4.2. Among the four requirements, particular focus should be put on requirement (iii), which specifies that "the content of such business judgment shall not be obviously unreasonable but be within the reasonable scope of a general managerial decision. "While the other requirements have a clear meaning, making them relatively easy to prove, the reasonability of a business judgment cannot be decided upon without the intervention of the subjective value judgment of a judge. Courts may have different judgments for the requirement, and it is difficult for an offender to determine objectively whether the requirement has been met.5 In fact, in many cases where the innocence of business managers was protested against the business judgment rule, courts found that willfulness for occupational breach of trust could not be negated because requirement (iii) was not met. Therefore, in relevant court proceedings, one must actively persuade the court to accept that the choice is not reasonable from the standpoint of a third party through various indirect facts and documentary evidence.
4.3. As such, Korean courts apply the business judgment rule far more strictly than in the U.S. case law with respect to the requirements or the allocation of the burden of proof. Nevertheless, business management can reduce the criminal risks that underlie their business judgments by paying caution to the four requirements set forth in the Supreme Court decision above during the decision-making process.
1. In contrast, in the case of Rosenblum in 1985, the French Supreme Court established exceptional requirements for exemption by which criminal responsibility is relieved of a corporate group's abuse of the corporate properties, by finding that "even if some individual companies have suffered damages due to transactions among the affiliates, the punishment is exempted if all the requirements of the existence of corporate group, the existence of a unified management strategy, and the balance of interests and burdens among the affiliates for their funding are satisfied, focused on the entire group interests." This principle was enacted in 2004 in Italy.
2. In Korea, arguments have been made that the criminal responsibility for business management activities should be limited by expressly introducing the business judgment rule. Also, the proposed amendment to the Commercial Act was submitted, but has yet to be enacted.
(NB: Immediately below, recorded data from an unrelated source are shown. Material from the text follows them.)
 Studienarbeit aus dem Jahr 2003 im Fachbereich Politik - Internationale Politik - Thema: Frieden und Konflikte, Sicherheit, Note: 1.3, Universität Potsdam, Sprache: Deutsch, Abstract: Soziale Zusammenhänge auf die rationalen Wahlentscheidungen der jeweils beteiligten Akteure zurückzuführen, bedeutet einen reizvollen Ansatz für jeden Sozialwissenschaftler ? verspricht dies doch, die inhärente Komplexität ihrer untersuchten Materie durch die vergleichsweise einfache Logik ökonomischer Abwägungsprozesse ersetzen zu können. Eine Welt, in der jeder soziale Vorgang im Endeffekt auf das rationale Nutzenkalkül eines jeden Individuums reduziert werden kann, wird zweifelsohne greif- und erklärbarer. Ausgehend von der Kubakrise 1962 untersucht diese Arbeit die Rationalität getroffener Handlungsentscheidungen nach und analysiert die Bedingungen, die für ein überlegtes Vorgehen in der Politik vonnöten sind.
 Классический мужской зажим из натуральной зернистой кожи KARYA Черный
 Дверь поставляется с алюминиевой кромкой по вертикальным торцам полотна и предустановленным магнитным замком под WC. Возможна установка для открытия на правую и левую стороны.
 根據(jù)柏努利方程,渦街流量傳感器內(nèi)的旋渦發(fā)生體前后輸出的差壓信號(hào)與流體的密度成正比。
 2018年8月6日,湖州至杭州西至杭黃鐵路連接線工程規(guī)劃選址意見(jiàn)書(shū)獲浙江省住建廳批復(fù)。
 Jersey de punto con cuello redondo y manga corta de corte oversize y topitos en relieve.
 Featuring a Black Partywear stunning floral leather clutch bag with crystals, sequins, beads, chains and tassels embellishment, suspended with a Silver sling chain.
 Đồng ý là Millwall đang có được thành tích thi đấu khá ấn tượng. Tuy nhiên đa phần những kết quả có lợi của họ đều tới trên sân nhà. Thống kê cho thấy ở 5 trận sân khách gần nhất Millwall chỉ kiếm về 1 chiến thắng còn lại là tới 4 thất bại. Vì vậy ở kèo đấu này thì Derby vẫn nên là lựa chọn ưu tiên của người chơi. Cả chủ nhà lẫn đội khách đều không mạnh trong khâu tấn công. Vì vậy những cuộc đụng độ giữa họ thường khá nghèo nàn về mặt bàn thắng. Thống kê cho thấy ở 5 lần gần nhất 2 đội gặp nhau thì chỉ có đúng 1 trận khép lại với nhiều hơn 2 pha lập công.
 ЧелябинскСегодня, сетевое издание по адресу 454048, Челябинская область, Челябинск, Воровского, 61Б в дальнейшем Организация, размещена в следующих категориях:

3. Guidelines provided by Grobow v. Perot, 539 A.2d 180 (Del. 1988).
4. Since corporate management has inherent risks as a fundamental matter, even if the management makes a prudent decision believing that it is for the company's interests based on the collected information to a possible extent without having any intention to take personal interests, the company may suffer damages because the management's prediction turns out to be wrong. In such cases, it is unreasonable to hold the management criminally liable for the occupational breach of trust by mitigating the interpretation criteria for willfulness. Here, whether the intention of the occupational breach of trust can be recognized based on the business judgment rule shall be considered individually, depending upon cases where willful conduct is accepted under the recognition that one or a third party obtains pecuniary interests and that one causes damages to the one itself, in light of relevant circumstances, including the progress and motives that led to the business judgment in question, the content of the business to be considered, the economic situations of the company, the probability of occurrence of losses, the probability of obtaining profits. (See the Supreme Court decision 2015Do12633 decided on November 9, 2017).
5. With respect to a chief executive officer prosecuted for occupational breach of trust by providing liquidity support to an affiliate in financial difficulties, the Korean court has found that the willfulness for the occupational breach of trust exists, finding that it was a reasonable business judgment to take other remedial measures (as opposed to liquidity support), by considering as a whole the debt repayment capacity of the supported company at the time and whether it could be recovered with additional financial support. (Seoul High Court decision 2014No3512 decided on October 14, 2015 ).